$\newcommand{\O}{\mathcal{O}}\newcommand{\F}{\mathcal{F}} $The$\newcommand{\O}{\mathcal{O}}$ $\newcommand{\F}{\mathcal{F}}$
The way you get a locally free sheaf of rank $n$ from a $GL(n)$-torsor $P$ is by twisting the trivial rank $n$ bundle $\O^n$ (which has a natural $GL(n)$-action) by the torsor. Explicitly, the locally free sheaf is $\F=\O^n\times^{GL(n)}P$, whose (scheme-theoretic) points are $(v,p)$, where $v$ is a point of the trivial bundle and $p$ is a point of $P$, subject to the relation $(v\cdot g,p)\sim (v,g\cdot p)$. Conversely, given a locally free sheaf $\F$ of rank $n$, the sheaf $Isom(\O^n,\F)$ is a $GL(n)$ torsor-torsor, and this procedure is inverse to the $P\mapsto \O^n\times^{GL(n)}P$ procedure above. (Note: I'm identifying spaces over the base $X$ with their sheaves of sections, both for regarding $Isom(\O^n,\F)$ as a torsor and for regarding $\O^n\times^{GL_n}P$ as a locally free sheaf.)

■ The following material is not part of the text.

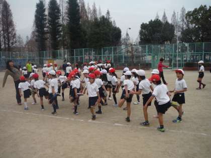 今日から1月28日(木)までかけ足チャレンジです。1月8日〜14日までは高学年は5分間、低・中学年は最初の1分は歩いてそれから4分間走ります。競走ではなく、ゆっくりでもいいので自分のペースで最後まで走り続ければOKです。

Similarly, if you have a group $G$ and a representation $V$, then you can associate to any $G$-torsor $P$ a locally free sheaf of rank $\dim(V)$, namely $V\times^G P$. But I don't know of a characterization of which locally free sheaves of rank $\dim(V)$ arise in this way.
Operations with the locally free sheaf (like taking top exterior power, or any other operation which is basically defined fiberwise and shown to glue) correspond to doing that operation with the representation $V$, so I think you're right that in the case of $SL(n)$ you get exactly those locally free sheaves whose top exterior power is trivial (since $SL(n)$ has no non-trivial 1$1$-dimensional representations).